Most likely because ath10k driver (presumably the one that is doing mesh) is using dev_alloc_skb:

$ grep -ri dev_alloc_skb drivers/net/wireless/ath/ath10k drivers/net/wireless/ath/ath10k/htc.c: skb = dev_alloc_skb(ATH10K_HTC_CONTROL_BUFFER_SIZE); drivers/net/wireless/ath/ath10k/htc.c: bundle_skb = dev_alloc_skb(bundles_left); drivers/net/wireless/ath/ath10k/htc.c: bundle_skb = dev_alloc_skb(bundles_left); drivers/net/wireless/ath/ath10k/htc.c: skb = dev_alloc_skb(size + sizeof(struct ath10k_htc_hdr)); drivers/net/wireless/ath/ath10k/sdio.c: pkt->skb = dev_alloc_skb(full_len); drivers/net/wireless/ath/ath10k/sdio.c: skb = dev_alloc_skb(sizeof(*regs)); drivers/net/wireless/ath/ath10k/htt_rx.c: skb = dev_alloc_skb(HTT_RX_BUF_SIZE + HTT_RX_DESC_ALIGN); drivers/net/wireless/ath/ath10k/snoc.c: skb = dev_alloc_skb(pipe->buf_sz); drivers/net/wireless/ath/ath10k/pci.c: skb = dev_alloc_skb(pipe->buf_sz); drivers/net/wireless/ath/ath10k/usb.c: urb_context->skb = dev_alloc_skb(ATH10K_USB_RX_BUFFER_SIZE);

dev_alloc_skb doesn't properly set skb's net device (and net namespace):

static inline struct sk_buff netdev_alloc_skb(struct net_device dev, unsigned int length) ...

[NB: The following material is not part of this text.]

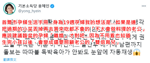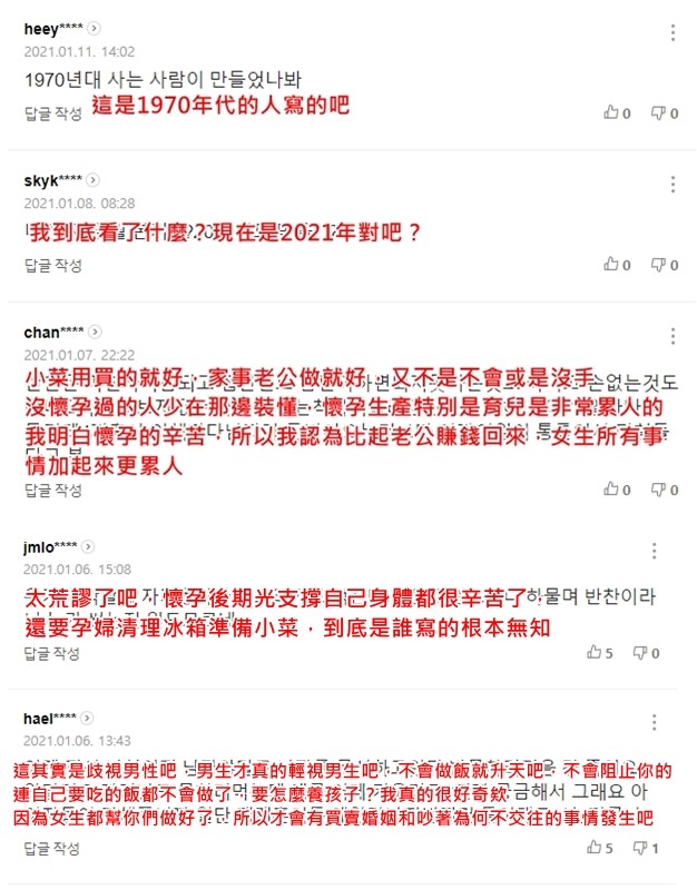 ▼這篇指南是2019年時發布的,只是近日才引發爭議。網友們紛紛留言說:「太荒謬了吧,懷孕後期光支撐自己身體都很辛苦了,還要孕婦清理冰箱準備小菜,到底是誰寫的根本無知」、「這是1970年代的人寫的吧」、「我到底看了什麼?現在是2021年對吧」、「請懲處首爾市懷孕生產資訊中心爭議文章的作者,並要求他道歉」。

/ legacy helper around netdev_alloc_skb() / static inline struct sk_buff *dev_alloc_skb(unsigned int length) { return netdev_alloc_skb(NULL, length); }

And the flow dissector expects this net device to find the associated net namespace from the skb. There shouldn't really be any issues unless you want to use the BPF flow dissector and it's safe to ignore this warning.

If you'd like to properly fix it, you have to replace these dev_alloc_skb calls with netdev_alloc_skb+proper net_device.